- Instructions to follow -
Retype every line of the data, keeping each word exactly.

- Available data -
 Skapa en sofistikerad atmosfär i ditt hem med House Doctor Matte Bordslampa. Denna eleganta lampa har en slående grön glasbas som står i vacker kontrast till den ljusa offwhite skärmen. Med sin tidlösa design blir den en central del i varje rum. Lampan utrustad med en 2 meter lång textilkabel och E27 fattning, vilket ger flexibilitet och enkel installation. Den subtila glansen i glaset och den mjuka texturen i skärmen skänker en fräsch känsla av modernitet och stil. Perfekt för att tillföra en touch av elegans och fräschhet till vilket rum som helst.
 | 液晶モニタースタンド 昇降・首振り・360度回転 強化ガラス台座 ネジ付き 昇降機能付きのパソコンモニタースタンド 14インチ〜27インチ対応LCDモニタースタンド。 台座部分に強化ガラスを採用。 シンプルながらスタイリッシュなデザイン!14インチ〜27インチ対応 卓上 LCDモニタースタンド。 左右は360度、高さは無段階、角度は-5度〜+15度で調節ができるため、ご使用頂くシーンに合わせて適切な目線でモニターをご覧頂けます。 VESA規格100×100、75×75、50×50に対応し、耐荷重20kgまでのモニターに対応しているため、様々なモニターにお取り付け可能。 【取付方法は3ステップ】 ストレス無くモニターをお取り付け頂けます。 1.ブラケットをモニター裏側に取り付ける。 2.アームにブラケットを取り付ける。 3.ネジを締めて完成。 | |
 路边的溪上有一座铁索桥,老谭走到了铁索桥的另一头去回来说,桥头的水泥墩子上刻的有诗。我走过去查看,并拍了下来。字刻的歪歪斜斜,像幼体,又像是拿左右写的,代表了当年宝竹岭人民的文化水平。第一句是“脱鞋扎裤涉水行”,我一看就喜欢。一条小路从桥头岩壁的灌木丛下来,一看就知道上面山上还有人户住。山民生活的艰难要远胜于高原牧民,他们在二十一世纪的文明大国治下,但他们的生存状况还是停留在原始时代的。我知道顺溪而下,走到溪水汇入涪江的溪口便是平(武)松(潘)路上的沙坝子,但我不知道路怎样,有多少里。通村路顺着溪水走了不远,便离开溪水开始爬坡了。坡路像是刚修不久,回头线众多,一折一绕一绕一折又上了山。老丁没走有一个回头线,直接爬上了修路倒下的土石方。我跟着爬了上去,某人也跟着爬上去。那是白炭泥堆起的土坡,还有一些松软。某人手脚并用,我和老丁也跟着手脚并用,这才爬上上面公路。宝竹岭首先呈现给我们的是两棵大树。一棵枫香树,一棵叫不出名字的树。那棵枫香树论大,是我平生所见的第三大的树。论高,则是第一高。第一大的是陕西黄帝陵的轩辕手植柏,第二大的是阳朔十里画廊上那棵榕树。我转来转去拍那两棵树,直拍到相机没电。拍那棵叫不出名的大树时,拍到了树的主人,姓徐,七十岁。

- Expected answer -
 Skapa en sofistikerad atmosfär i ditt hem med House Doctor Matte Bordslampa. Denna eleganta lampa har en slående grön glasbas som står i vacker kontrast till den ljusa offwhite skärmen. Med sin tidlösa design blir den en central del i varje rum. Lampan utrustad med en 2 meter lång textilkabel och E27 fattning, vilket ger flexibilitet och enkel installation. Den subtila glansen i glaset och den mjuka texturen i skärmen skänker en fräsch känsla av modernitet och stil. Perfekt för att tillföra en touch av elegans och fräschhet till vilket rum som helst.
 | 液晶モニタースタンド 昇降・首振り・360度回転 強化ガラス台座 ネジ付き 昇降機能付きのパソコンモニタースタンド 14インチ〜27インチ対応LCDモニタースタンド。 台座部分に強化ガラスを採用。 シンプルながらスタイリッシュなデザイン!14インチ〜27インチ対応 卓上 LCDモニタースタンド。 左右は360度、高さは無段階、角度は-5度〜+15度で調節ができるため、ご使用頂くシーンに合わせて適切な目線でモニターをご覧頂けます。 VESA規格100×100、75×75、50×50に対応し、耐荷重20kgまでのモニターに対応しているため、様々なモニターにお取り付け可能。 【取付方法は3ステップ】 ストレス無くモニターをお取り付け頂けます。 1.ブラケットをモニター裏側に取り付ける。 2.アームにブラケットを取り付ける。 3.ネジを締めて完成。 | |
 路边的溪上有一座铁索桥,老谭走到了铁索桥的另一头去回来说,桥头的水泥墩子上刻的有诗。我走过去查看,并拍了下来。字刻的歪歪斜斜,像幼体,又像是拿左右写的,代表了当年宝竹岭人民的文化水平。第一句是“脱鞋扎裤涉水行”,我一看就喜欢。一条小路从桥头岩壁的灌木丛下来,一看就知道上面山上还有人户住。山民生活的艰难要远胜于高原牧民,他们在二十一世纪的文明大国治下,但他们的生存状况还是停留在原始时代的。我知道顺溪而下,走到溪水汇入涪江的溪口便是平(武)松(潘)路上的沙坝子,但我不知道路怎样,有多少里。通村路顺着溪水走了不远,便离开溪水开始爬坡了。坡路像是刚修不久,回头线众多,一折一绕一绕一折又上了山。老丁没走有一个回头线,直接爬上了修路倒下的土石方。我跟着爬了上去,某人也跟着爬上去。那是白炭泥堆起的土坡,还有一些松软。某人手脚并用,我和老丁也跟着手脚并用,这才爬上上面公路。宝竹岭首先呈现给我们的是两棵大树。一棵枫香树,一棵叫不出名字的树。那棵枫香树论大,是我平生所见的第三大的树。论高,则是第一高。第一大的是陕西黄帝陵的轩辕手植柏,第二大的是阳朔十里画廊上那棵榕树。我转来转去拍那两棵树,直拍到相机没电。拍那棵叫不出名的大树时,拍到了树的主人,姓徐,七十岁。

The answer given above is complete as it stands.